:: Data provided

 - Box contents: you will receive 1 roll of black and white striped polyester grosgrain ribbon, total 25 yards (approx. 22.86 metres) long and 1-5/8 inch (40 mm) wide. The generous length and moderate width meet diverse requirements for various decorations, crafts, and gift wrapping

::::
:: Data provided

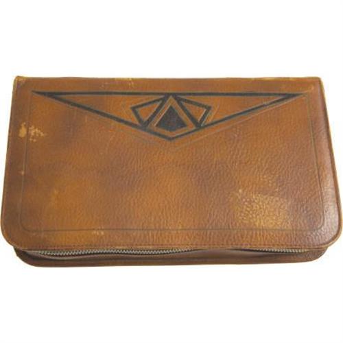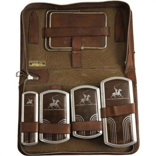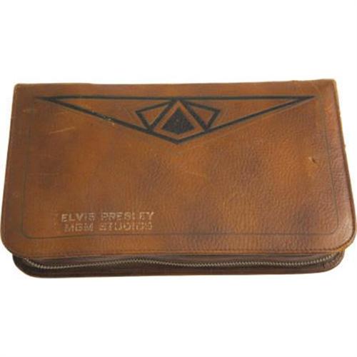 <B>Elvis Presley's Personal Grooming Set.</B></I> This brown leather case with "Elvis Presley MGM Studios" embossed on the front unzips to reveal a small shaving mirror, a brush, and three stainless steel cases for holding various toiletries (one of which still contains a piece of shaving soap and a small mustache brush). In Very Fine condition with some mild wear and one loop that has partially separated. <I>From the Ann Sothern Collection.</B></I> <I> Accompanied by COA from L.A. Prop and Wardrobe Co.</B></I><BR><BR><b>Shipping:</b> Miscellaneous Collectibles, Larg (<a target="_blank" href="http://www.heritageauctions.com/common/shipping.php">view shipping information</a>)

::::
:: Data provided

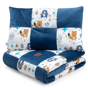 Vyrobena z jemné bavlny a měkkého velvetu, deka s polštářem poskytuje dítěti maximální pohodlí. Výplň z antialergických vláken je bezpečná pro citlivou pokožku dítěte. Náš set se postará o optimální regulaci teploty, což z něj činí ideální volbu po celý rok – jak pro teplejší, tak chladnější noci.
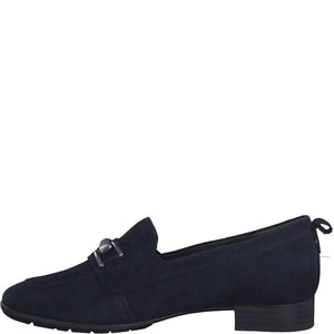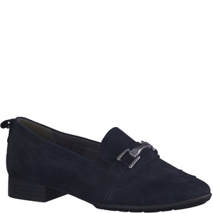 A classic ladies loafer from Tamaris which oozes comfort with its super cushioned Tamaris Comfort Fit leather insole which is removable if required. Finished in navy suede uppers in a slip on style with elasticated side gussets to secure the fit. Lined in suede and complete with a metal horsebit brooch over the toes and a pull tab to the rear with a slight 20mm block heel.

::::

* _Exercise prompt_
Restate word for word every line from the one with "Vyrobena z jemné" up to and including the one with "A classic ladies" in the records above, minus the pictures.

* _Response to this task_
 Vyrobena z jemné bavlny a měkkého velvetu, deka s polštářem poskytuje dítěti maximální pohodlí. Výplň z antialergických vláken je bezpečná pro citlivou pokožku dítěte. Náš set se postará o optimální regulaci teploty, což z něj činí ideální volbu po celý rok – jak pro teplejší, tak chladnější noci.
 A classic ladies loafer from Tamaris which oozes comfort with its super cushioned Tamaris Comfort Fit leather insole which is removable if required. Finished in navy suede uppers in a slip on style with elasticated side gussets to secure the fit. Lined in suede and complete with a metal horsebit brooch over the toes and a pull tab to the rear with a slight 20mm block heel.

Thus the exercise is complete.